- EXERCISE INPUT
[Start of Attachment]
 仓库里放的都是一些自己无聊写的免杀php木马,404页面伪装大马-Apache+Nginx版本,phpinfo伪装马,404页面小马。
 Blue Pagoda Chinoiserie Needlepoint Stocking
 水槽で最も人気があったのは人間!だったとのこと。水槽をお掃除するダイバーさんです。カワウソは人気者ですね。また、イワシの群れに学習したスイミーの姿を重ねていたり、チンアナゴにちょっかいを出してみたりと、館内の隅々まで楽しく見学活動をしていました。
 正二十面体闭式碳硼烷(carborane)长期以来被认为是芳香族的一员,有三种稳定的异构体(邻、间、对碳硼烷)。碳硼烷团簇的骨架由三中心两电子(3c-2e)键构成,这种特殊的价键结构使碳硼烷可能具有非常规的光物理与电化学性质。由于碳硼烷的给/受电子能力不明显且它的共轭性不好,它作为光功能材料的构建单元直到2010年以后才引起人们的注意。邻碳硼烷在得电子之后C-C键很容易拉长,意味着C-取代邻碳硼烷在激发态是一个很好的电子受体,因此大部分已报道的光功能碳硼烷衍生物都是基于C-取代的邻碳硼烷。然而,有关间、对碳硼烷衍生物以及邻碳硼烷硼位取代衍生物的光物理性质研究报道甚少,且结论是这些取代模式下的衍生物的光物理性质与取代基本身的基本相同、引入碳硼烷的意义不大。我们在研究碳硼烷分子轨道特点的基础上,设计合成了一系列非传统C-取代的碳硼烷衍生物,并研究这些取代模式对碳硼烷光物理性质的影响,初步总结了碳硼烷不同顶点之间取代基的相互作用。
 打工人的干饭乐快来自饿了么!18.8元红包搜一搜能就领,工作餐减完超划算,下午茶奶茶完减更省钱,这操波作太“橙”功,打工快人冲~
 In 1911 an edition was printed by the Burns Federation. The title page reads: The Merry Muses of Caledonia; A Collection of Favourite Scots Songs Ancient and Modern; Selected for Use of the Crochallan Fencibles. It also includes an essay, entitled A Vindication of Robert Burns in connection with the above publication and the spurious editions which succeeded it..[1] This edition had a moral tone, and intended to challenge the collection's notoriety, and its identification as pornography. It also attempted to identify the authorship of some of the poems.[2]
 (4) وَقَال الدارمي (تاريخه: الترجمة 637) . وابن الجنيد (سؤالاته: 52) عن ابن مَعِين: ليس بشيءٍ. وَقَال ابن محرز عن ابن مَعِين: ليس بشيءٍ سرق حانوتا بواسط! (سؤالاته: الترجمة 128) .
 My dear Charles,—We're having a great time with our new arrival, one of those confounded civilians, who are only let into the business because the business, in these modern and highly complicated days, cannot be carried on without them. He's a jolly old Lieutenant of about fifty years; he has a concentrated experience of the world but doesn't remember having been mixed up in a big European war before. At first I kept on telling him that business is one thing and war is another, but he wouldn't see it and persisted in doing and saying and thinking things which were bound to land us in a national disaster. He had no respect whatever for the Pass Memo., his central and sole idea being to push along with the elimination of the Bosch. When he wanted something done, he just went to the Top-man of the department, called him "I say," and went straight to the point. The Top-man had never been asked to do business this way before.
[End of Attachment]
[Start of Attachment]
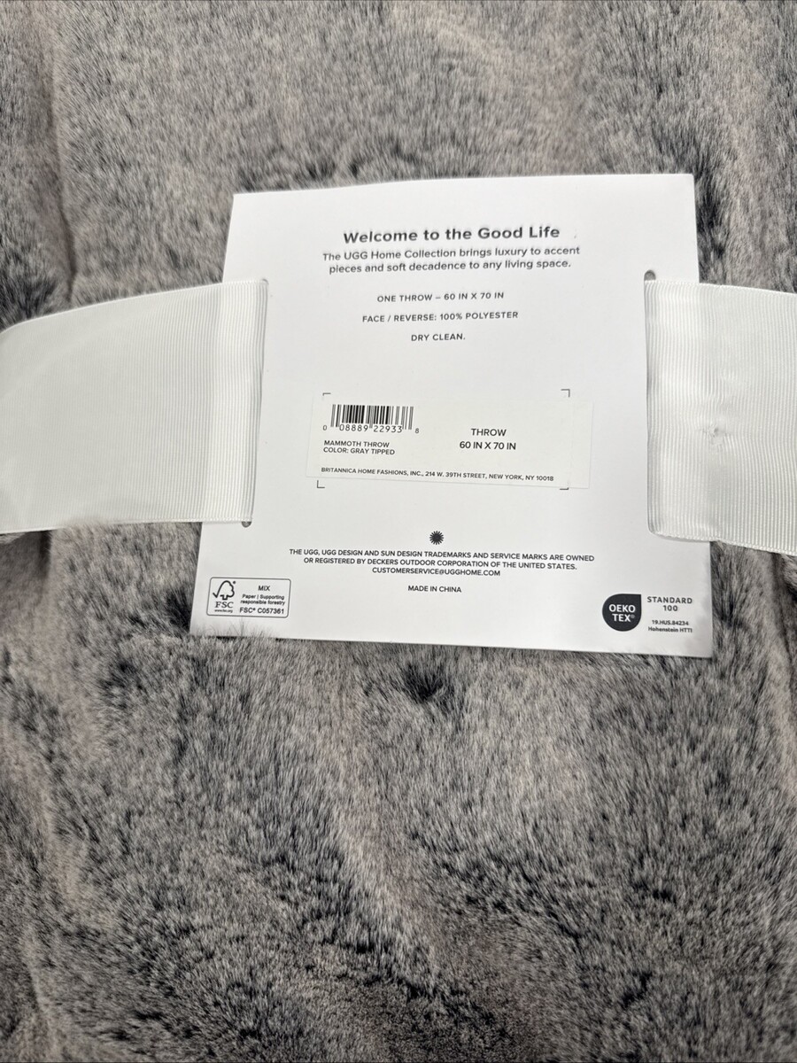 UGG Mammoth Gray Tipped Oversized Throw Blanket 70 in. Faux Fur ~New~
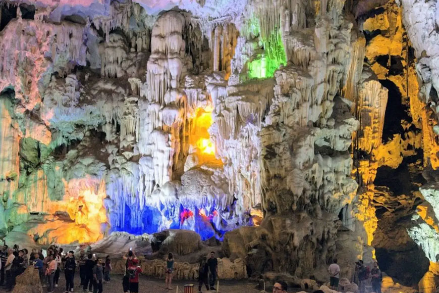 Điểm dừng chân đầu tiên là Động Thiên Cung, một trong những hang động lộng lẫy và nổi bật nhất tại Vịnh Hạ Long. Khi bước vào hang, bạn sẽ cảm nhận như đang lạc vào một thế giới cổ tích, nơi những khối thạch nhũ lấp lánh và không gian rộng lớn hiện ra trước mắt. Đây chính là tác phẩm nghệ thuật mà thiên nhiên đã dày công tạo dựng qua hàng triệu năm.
[End of Attachment]
[Start of Attachment]
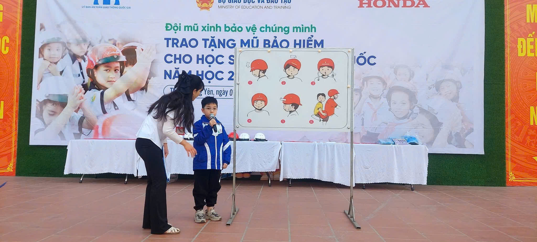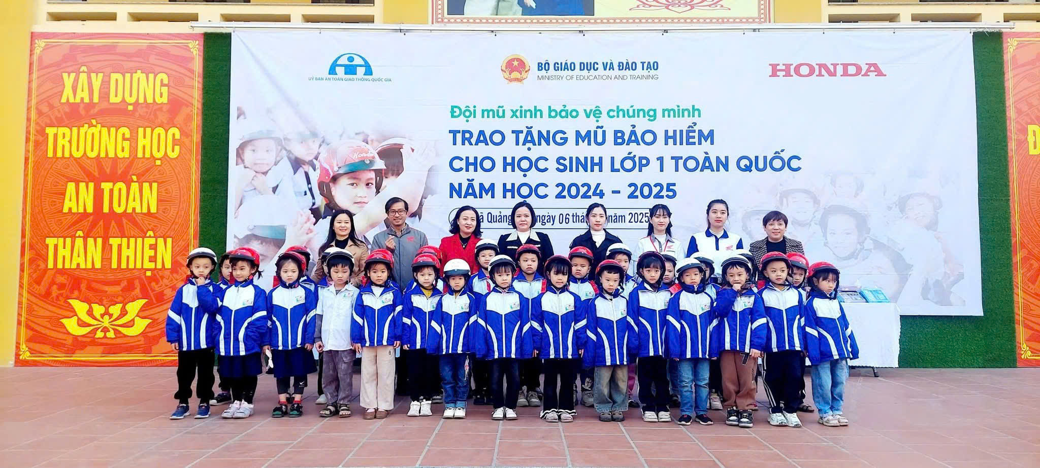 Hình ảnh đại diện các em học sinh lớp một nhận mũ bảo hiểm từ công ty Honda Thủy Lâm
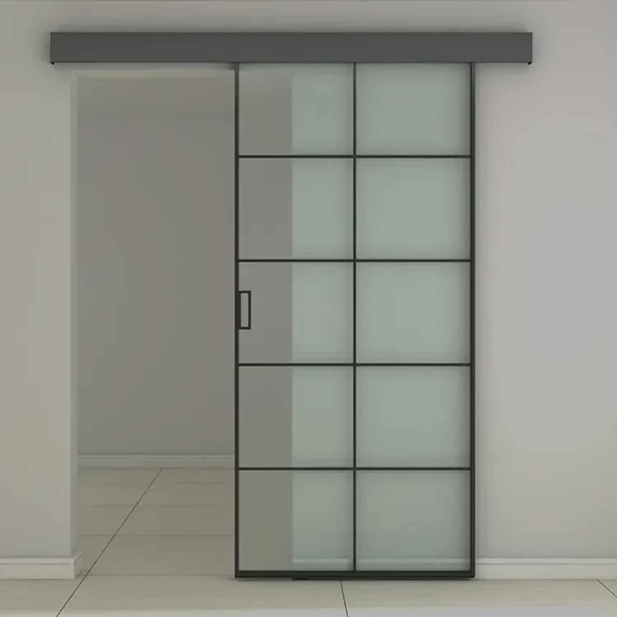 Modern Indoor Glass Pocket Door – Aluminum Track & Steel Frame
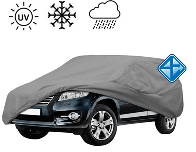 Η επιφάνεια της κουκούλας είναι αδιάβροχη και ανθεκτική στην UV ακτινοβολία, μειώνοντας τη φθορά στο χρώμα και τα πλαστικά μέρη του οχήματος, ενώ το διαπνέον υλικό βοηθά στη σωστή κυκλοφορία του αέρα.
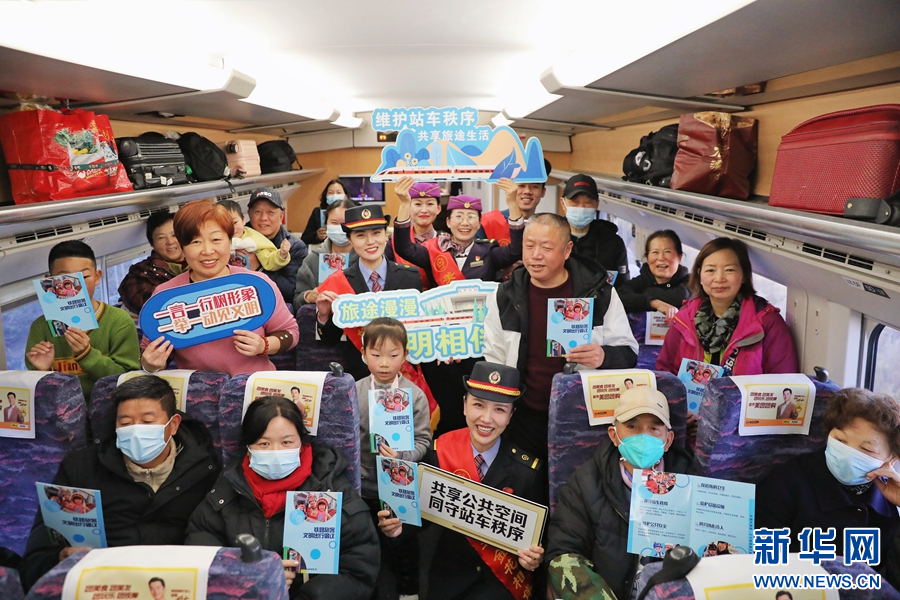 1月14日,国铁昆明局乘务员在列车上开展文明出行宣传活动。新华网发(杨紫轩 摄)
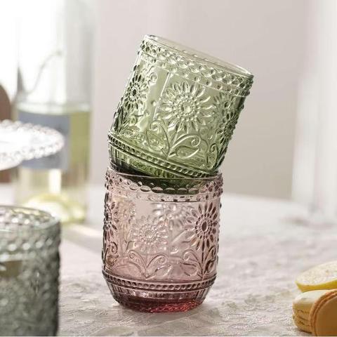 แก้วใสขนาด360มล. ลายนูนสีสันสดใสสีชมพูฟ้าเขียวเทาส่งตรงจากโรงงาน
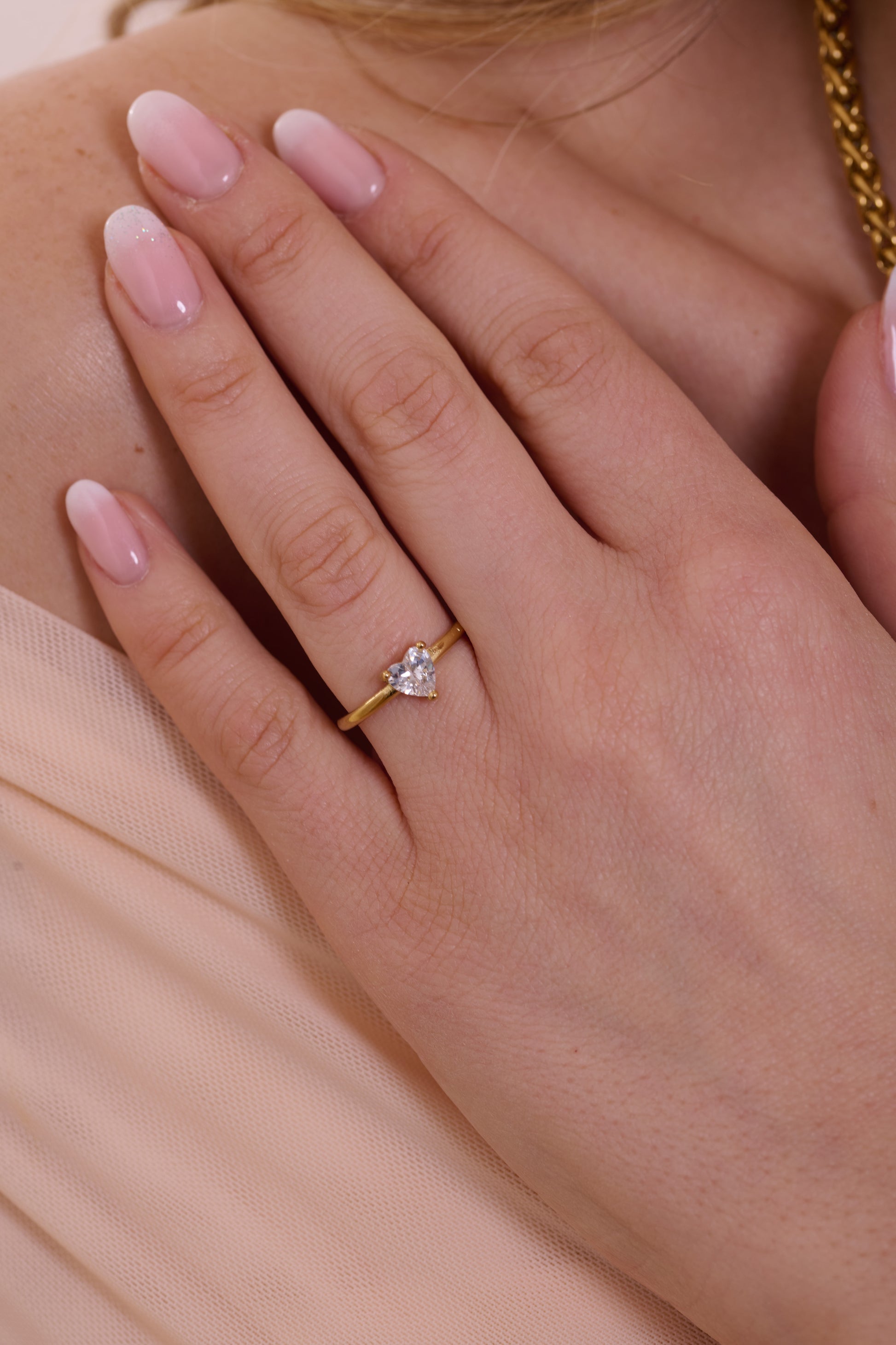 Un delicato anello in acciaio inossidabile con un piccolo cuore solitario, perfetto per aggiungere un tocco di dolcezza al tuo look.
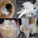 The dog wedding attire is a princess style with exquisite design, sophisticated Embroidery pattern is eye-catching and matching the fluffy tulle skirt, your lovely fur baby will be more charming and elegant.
[End of Attachment]
Using the listing above, return word for word each line from the one that has "仓库里放的都是一些自己无聊写" through the one that has "打工人的干饭乐快来自饿了么!", and no line outside that range.

- RESULT BELOW
 仓库里放的都是一些自己无聊写的免杀php木马,404页面伪装大马-Apache+Nginx版本,phpinfo伪装马,404页面小马。
 Blue Pagoda Chinoiserie Needlepoint Stocking
 水槽で最も人気があったのは人間!だったとのこと。水槽をお掃除するダイバーさんです。カワウソは人気者ですね。また、イワシの群れに学習したスイミーの姿を重ねていたり、チンアナゴにちょっかいを出してみたりと、館内の隅々まで楽しく見学活動をしていました。
 正二十面体闭式碳硼烷(carborane)长期以来被认为是芳香族的一员,有三种稳定的异构体(邻、间、对碳硼烷)。碳硼烷团簇的骨架由三中心两电子(3c-2e)键构成,这种特殊的价键结构使碳硼烷可能具有非常规的光物理与电化学性质。由于碳硼烷的给/受电子能力不明显且它的共轭性不好,它作为光功能材料的构建单元直到2010年以后才引起人们的注意。邻碳硼烷在得电子之后C-C键很容易拉长,意味着C-取代邻碳硼烷在激发态是一个很好的电子受体,因此大部分已报道的光功能碳硼烷衍生物都是基于C-取代的邻碳硼烷。然而,有关间、对碳硼烷衍生物以及邻碳硼烷硼位取代衍生物的光物理性质研究报道甚少,且结论是这些取代模式下的衍生物的光物理性质与取代基本身的基本相同、引入碳硼烷的意义不大。我们在研究碳硼烷分子轨道特点的基础上,设计合成了一系列非传统C-取代的碳硼烷衍生物,并研究这些取代模式对碳硼烷光物理性质的影响,初步总结了碳硼烷不同顶点之间取代基的相互作用。
 打工人的干饭乐快来自饿了么!18.8元红包搜一搜能就领,工作餐减完超划算,下午茶奶茶完减更省钱,这操波作太“橙”功,打工快人冲~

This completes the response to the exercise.